18. ¿Por qué se quedó tan abierto el cuadro de Brady? Obviamente, porque las favoritas no estuvieron a la altura: Ashleigh Barty, la número uno del mundo, cayó en cuartos de final ante la sorprendente Karolina Muchova después de un torneo impecable. A Belinda Bencic la eliminó expeditivamente Elise Mertens en tercera ronda, confirmando que quizá lo suyo vaya a quedarse en nada. Sofia Kenin, campeona vigente del torneo, cayó en segunda ronda ante Kaia Kanepi, y Karolina Pliskova volvió a decepcionar a todo el mundo cayendo en tercera ronda. ¿Su rival? De nuevo, la checa Muchova. Enorme torneo, el suyo.

19. Ahora que los Grand Slams han optado —no queda otro remedio— por formatos más pequeños, solo hay tres competiciones más allá de los individuales: dobles masculinos, femeninos y mixtos. En la primera, los ganadores fueron Ivan Dodig y Filip Polasek, que derrotaron en la final a los campeones del año pasado, Rajeev Ram y Joe Salisbury. En la segunda, levantaron el trofeo Elise Mertens y Aryna Sabalenka. En cuanto a los mixtos, los campeones fueron Barbora Krejcikova y Rajeev Ram, que se rehízo así de su derrota en los masculinos.

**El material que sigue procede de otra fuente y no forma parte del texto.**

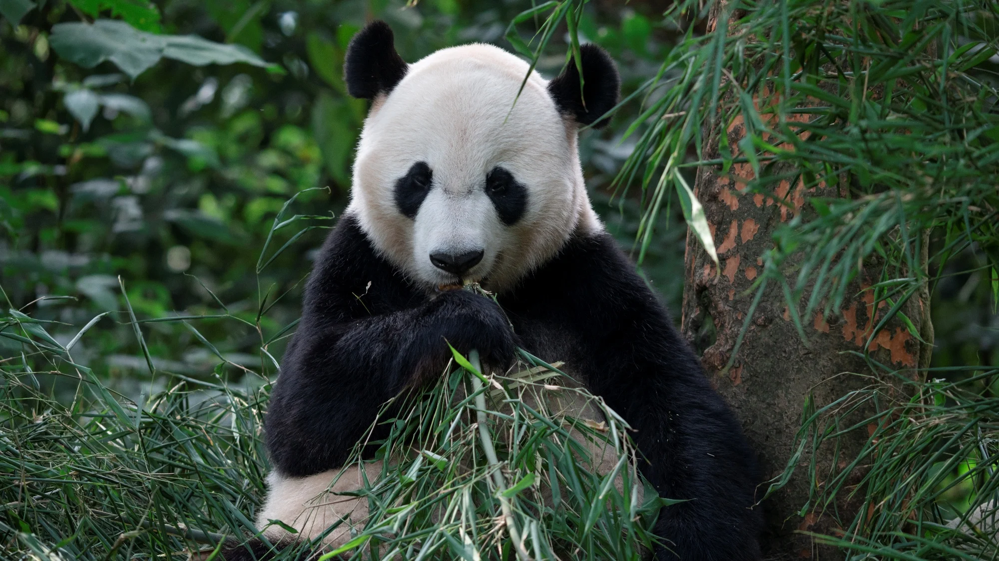 The photo shows Bei Bei immersed in enjoying bamboo leaves on September 23, 2024.
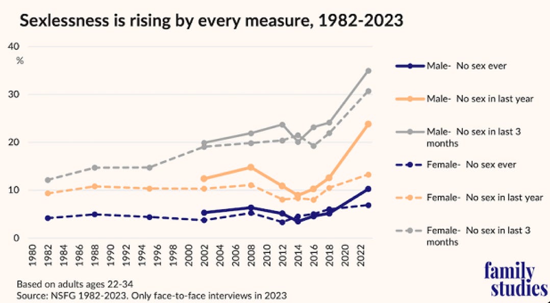 В США доля молодых мужчин в возрасте от 22 до 34 лет, которые утверждают, что не занимались сексом в течение последнего года, удвоилась в период с середины 2010-х по 2022 год. Тезис «секс слишком переоценён», который всё больше утверждается в молодом обществе, касается и молодых женщин, но всё же в чуть меньшей мере.

20. En definitiva, torneo raro que acaba como cualquier otro torneo. Nadal ha ganado trece veces Roland Garros, Djokovic ha ganado nueve veces Australia y Federer ha ganado ocho veces Wimbledon. Solo resiste el US Open como garante de la igualdad competitiva. Son ya diecisiete años consecutivos en los que Rafa Nadal o Novak Djokovic ganan un torneo de Grand Slam. Si queremos mantener la mística del «Big 3» (aunque en los últimos diez años, Djokovic ha ganado diecisiete grandes y Federer cuatro), son diecinueve consecutivos para los tres grandes campeones desde que Roger se impusiera en Wimbledon 2003. Se viene ahora algo parecido a una gira europea indoor, una gira outdoor por oriente medio (Doha y Dubai) y luego ya, si todo va bien, volveremos a la tierra batida. Y ahí, visto lo visto el año pasado, solo una versión menor de Nadal junto a una superlativa de Thiem o Djokovic puede dar algo de emoción al torneo. La cosa queda 20-20-18, pero me da que solo hasta junio. Ahí estaremos para contarlo.